The story behind the story: Chrysalis

Futures is welcoming in the New Year in the way we know best: by meditating on the nature of life and death with Thomas Broderick’s story Chrysalis. Thomas is a freelance writer based in California, and you can keep up to date with his work by following him on Twitter. Here, he takes to the road to explain what inspired his latest story — as ever, it pays to read the tale first.

Writing Chrysalis

If you want to know how Chrysalis came to be, we should go on a day trip. I’m driving, and you’re riding shotgun in my blue Honda Fit.

We start in downtown Santa Rosa, California, just a few miles from where I live. On Mendocino Avenue, I point out The Press Democrat building, where Frank Herbert cut his teeth as a reporter in the 1950s. Herbert’s Dune taught me a lot about the nature of inspiration. I learned that inspiration for science fiction doesn’t have to come from science or technology. It can spring from anything, and the ideas may take years to incubate. For example, after Herbert first saw those sand dunes in Florence, Oregon, it took him a long, long time to invent Arrakis.

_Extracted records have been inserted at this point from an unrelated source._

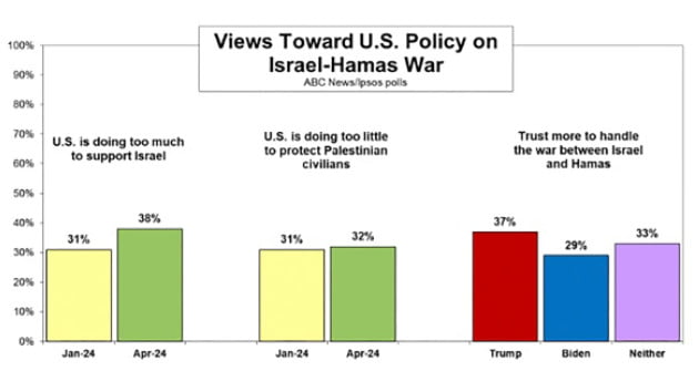 (WASHINGTON) — Nearly four in 10 Americans in a new ABC News Ipsos poll say the United States is doing too much to support Israel in its war with Hamas, up from about three in 10 in January. And more trust former President Donald Trump than President Joe Biden to handle the issue, though few call it critical in their choice of a candidate.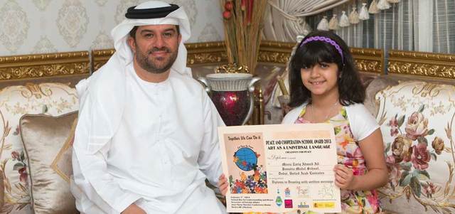 نالت الطفلة المواطنة ميرة طارق أحمد (10 سنوات)، شهادة دبلوم في «مسابقة الفن لغة عالمية.. إبداع من أجل السلام»، التي نظمت في المكسيك، لتكون بذلك العربية الوحيدة التي تحصد هذا التكريم. وشاركت ميرة بمجموعة منوعة من اللوحات في المسابقة العالمية، ونجحت بفضل تميز أفكارها في نيل هذه الشهادة، التي تتوج بها ولعها الشديد بالرسم، وارتباطها الكبير به منذ الصغر، الأمر الذي أثنت عليه أسرتها، وقدمت لها الدعم الكبير.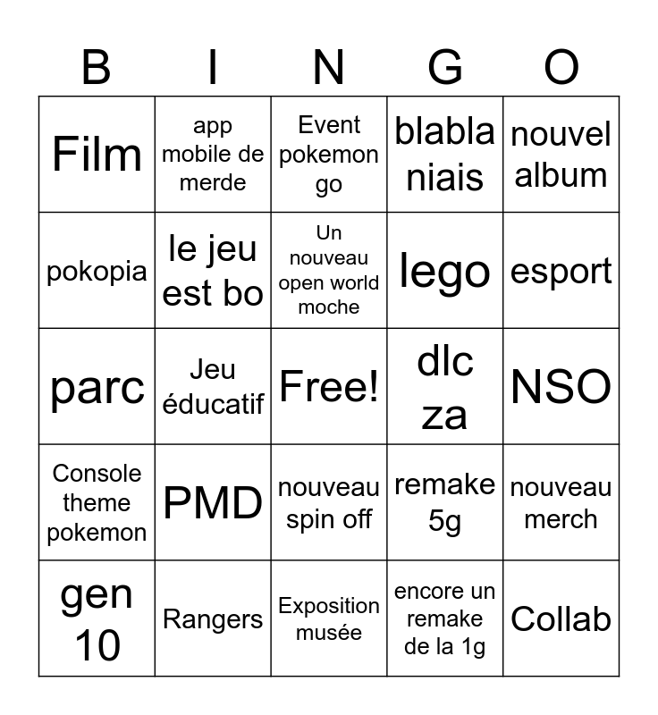 This bingo card has a free space and 24 words: PMD, Rangers, Un nouveau open world moche, gen 10, nouvel album, Film, pokopia, app mobile de merde, dlc za, nouveau spin off, lego, parc, remake 5g, nouveau merch, le jeu est bo, encore un remake de la 1g, NSO, Event pokemon go, esport, Jeu éducatif, Collab, Console theme pokemon, blabla niais and Exposition musée.

The first bit of inspiration that became Chrysalis, coincidentally, also involves sand.

We drive west out to the coast, a pleasant outing that takes us through rolling green pastures and dairy farms. The beach, however, is cold and foggy (as it should be). Along the waterline, I point out a narrow band of fresh water flowing into the ocean. The pattern made by the water looks like the branches of a tree, or neurons in the brain. At dusk, the rising tide destroys the pattern. When I first saw this cycle a few years ago, I thought it was a profound metaphor for life and death.

Mulling the idea for over a year, I imagined some young PhD in neurocybernetics observing the same sight, he or she coming up with the same metaphor as I did. What if that person then stood up and proclaimed: “I dedicate my life’s work to ensuring that no man or woman will fear the rising tide — death itself — ever again.”?

This was the first question.

Continuing south on Highway 1, we arrive in Point Reyes Station, a town that hasn’t changed a bit since Philip K. Dick lived here in the early 1960s. One of the big questions Dick explored in his novels and short stories was ‘What is a human being?’ A great admirer of Dick’s work, I’ve tried to explore this question as well, while adding my own variations: if someone decides that he’s no longer human, what does he do then? What does he become?

These were the second, third and fourth questions.

In the smallest of nutshells, Chrysalis is my attempt at an answer. It is not the first, nor it will be the last.

Thanks for coming with me today. And since we’re already out here, how about some lunch? I know a great oyster place just up the road.